I looked up, hearing the familiar alarm announcing it was time for my break. It was only a short one, I had twenty minutes to grab something to eat and anything else I felt I had to do. I looked to the rest of the fans standing in line sympathetically and shouted an apology, saying I'd be back as soon as possible. With that I headed off in the direction of the VIP quarters set aside for youtubers only, where I'd hopefully find something good to eat. I was hungry, but at the same time I didn't feel like I could stomach anything. I wasn't sick necessarily, it was just the intense anxiety I'd been feeling all day. He was going to be here soon. What would I say? Would I say anything at all? Was there anything I could say? And what if Sage had told him about my call and the reason he hadn't gotten back was merely because he just didn't care? Of course he doesn't care, Tyler, he's in a relationship now.

"Tyler!" I looked up from my feet just in time to be swept up into a tight embrace from none other than Marcus Butler. It had been a long time since we'd last seen each other, or even spoken. I still wasn't really into human contact, but this hug wasn't anything like the one from Grace a week ago. It was because he didn't know, so I had no reason to feel uncomfortable around him. He had no idea what was going on in my life, and for that I was thankful. It was hard enough managing my crazy thoughts about Troye, but there was no way I could handle a real conversation about him. Hence, why I'd been avoiding every other Youtuber since arriving as best I could.

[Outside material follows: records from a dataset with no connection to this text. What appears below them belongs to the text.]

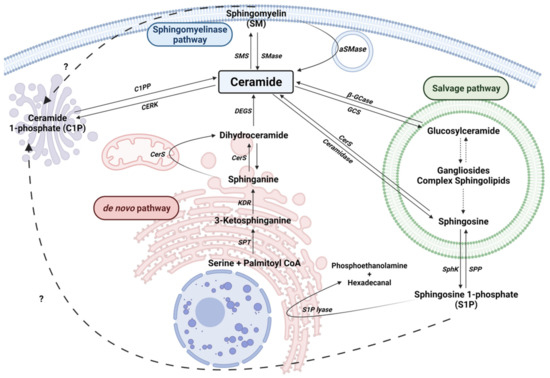 Cers are considered the central hub of sphingolipid metabolism and can regulate key metabolic functions. In particular, Cers are potent inducers of cell cycle arrest and apoptotic cell death [13,24], and are implicated in inflammatory responses related to microbial infection, asthma, cardiovascular diseases or chronic obstructive pulmonary disease (COPD) [25,26]. Moreover, an unbalance of intracellular Cer levels can lead to neurological and neuroinflammatory diseases. Cers are synthesized mainly by three major pathways. Furthermore, Cer can be synthesized by the dephosphorylation of ceramide 1-phosphate (C1P) by ceramide 1-phosphate phosphatase (CPP). In addition to producing Cer, the metabolites of complex sphingolipid catabolism lead to the production of another bioactive molecules, such as sphingosine 1-phosphate (Figure 1).
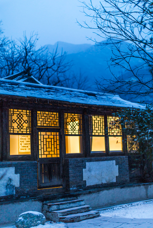 位于房山黄山店村的“姥姥家”是一个合院式乡居民宿,院落依山,树木参天,保存百年古宅的外墙结构,尤为古朴。
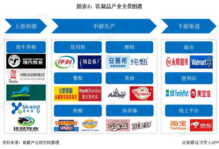 乳制品产业链涉及多个行业和企业,上游主要参与者有奶牛养殖企业现代牧业、乳山、圣牧、科兰、优然牧业等;中游乳制品生产重点企非主要有伊利、安慕希、飞扬等乳制品品牌;下游的重点流通渠道则包括沃尔玛、永辉等大型商超,全家、美宜家等便利店以及淘宝、京东等线上平台。
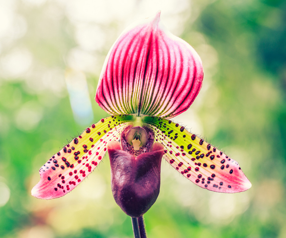 Despite its wildly exotic flowers and often variegated foliage, P. insigne is among the cold hardiest and least fussy of the lady slipper orchids and comes in a wide array of whites, greens, yellows or combinations with contrasting lower, shoe-shaped lips. Where winters are mild, group with other orchids outdoors in shade or display indoors. Not toxic to humans, dogs or cats if eaten, but may cause irritation for those with sensitive skin.
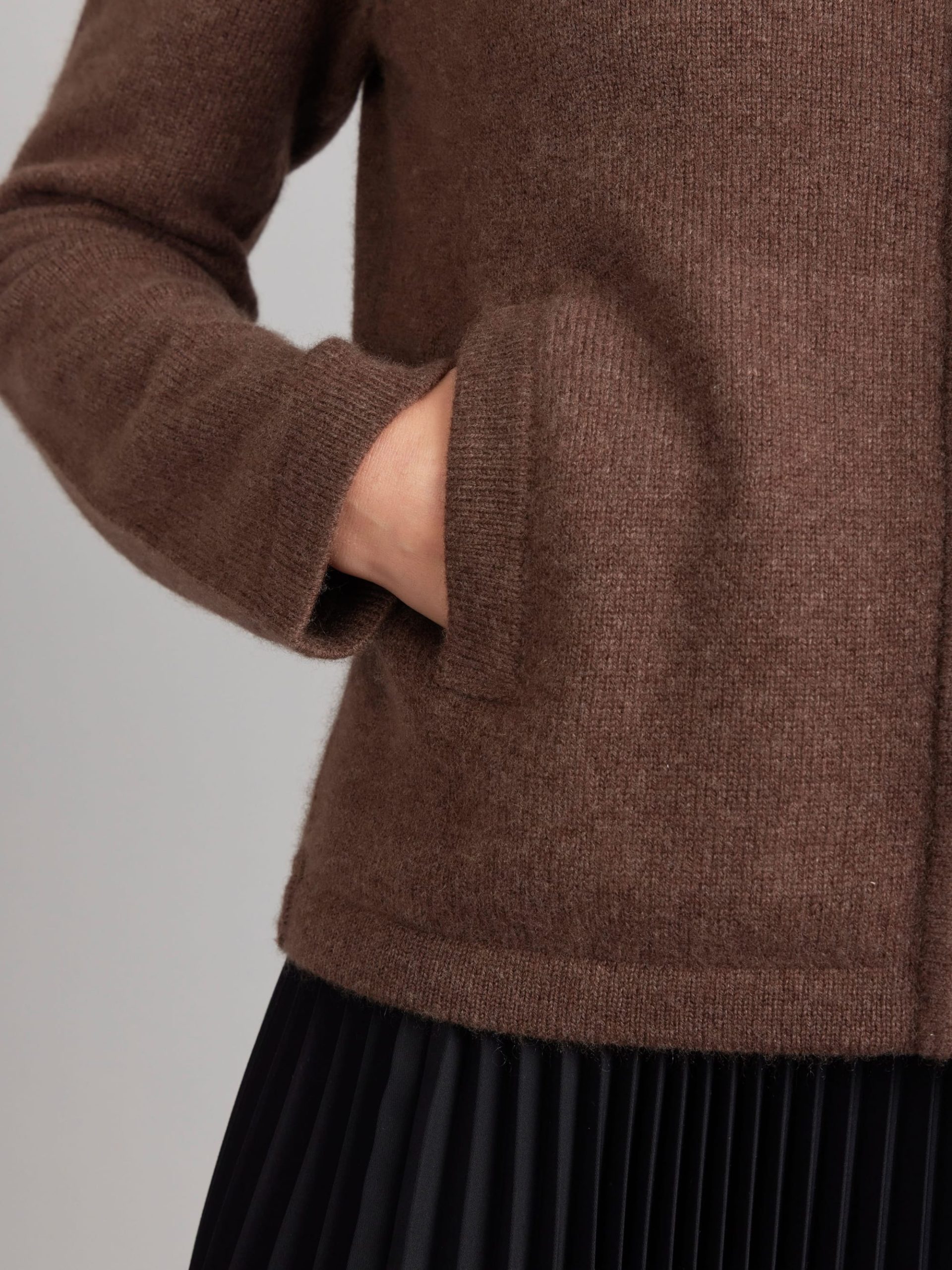The unique design of the Zip cardigan makes it an ideal choice for those who seek a classic yet modern twist on traditional knitwear.
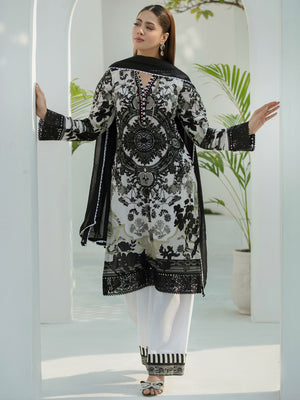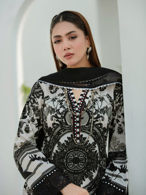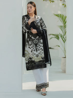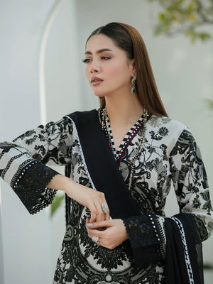 Heera's Black & White Embroidered Cambric Cotton Suit
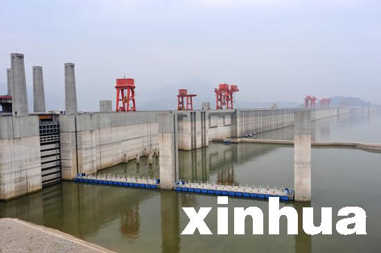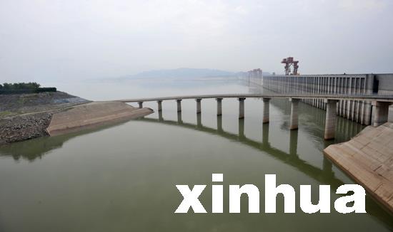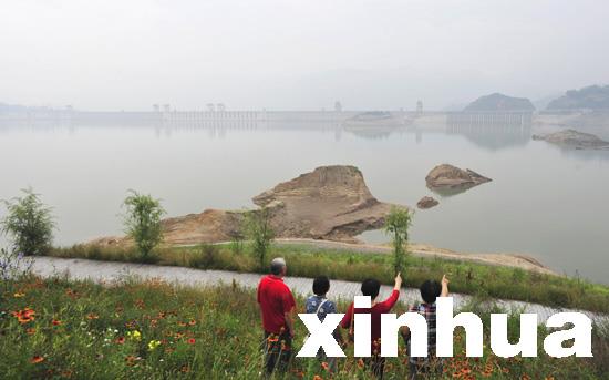 6月10日,几位游客在三峡坝前观看水位下降后三峡大坝。郑家裕 摄
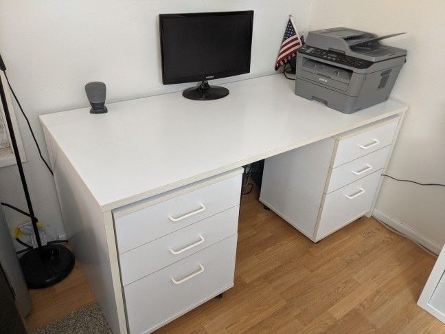 64" Computer desk with 2 wheeled cabinets in great condition. Awesome desk, great for home office, great to set a wide or 2-3 standard monitors. Wheeled cabinets are great to place printers on it if needed and move near by if have space.

"How come you arrived so late today? That wasn't like you." We continued walking toward the buffet table, him keeping an arm wrapped around my waist. Truthfully, I'd been late because I'd been up the entire night beside myself with anxiety and then it had taken me three hours to get ready. Oh, and even though I'd arrived with ten minutes to spare I'd sat in my car staring off into space like some sort of zombie. I had tried so hard to think of some way out of it, some way to avoid seeing how happy he was without me. Eventually I'd realized it wasn't fair to the fans, and I'd always told them they mattered most to me. I'd decided to go inside and promised myself not to let Troye steal my time with them away. But even while girls were explaining their life stories to me I'd found my eyes drifting to every entry into the room, looking for Troye. His booth was right beside mine, a fact that had really annoyed me when I'd found out earlier this morning. But at least he was extremely late, so I would have a bit more time to prepare myself.

"Tyler?"

"Sick. I'm sick." I blurted, suddenly his arm not feeling as comfortable. It wasn't like he knew, but the way he kept pressing me made me feel antsy. I didn't like talking about my life at all lately. I felt like people would judge me, isn't that what everyone who knew so far had done? I didn't want or need their pity, I knew my life was shit without their help.

"Oh, can I get you anything?"

"No, I'll be fine." It would seem I was becoming a compulsive liar due to this heartbreak. I knew very well I would not be fine, I wasn't fine now. But I just needed to keep up my act, for just a few more hours, and then I'd be free to break down in my hotel room alone.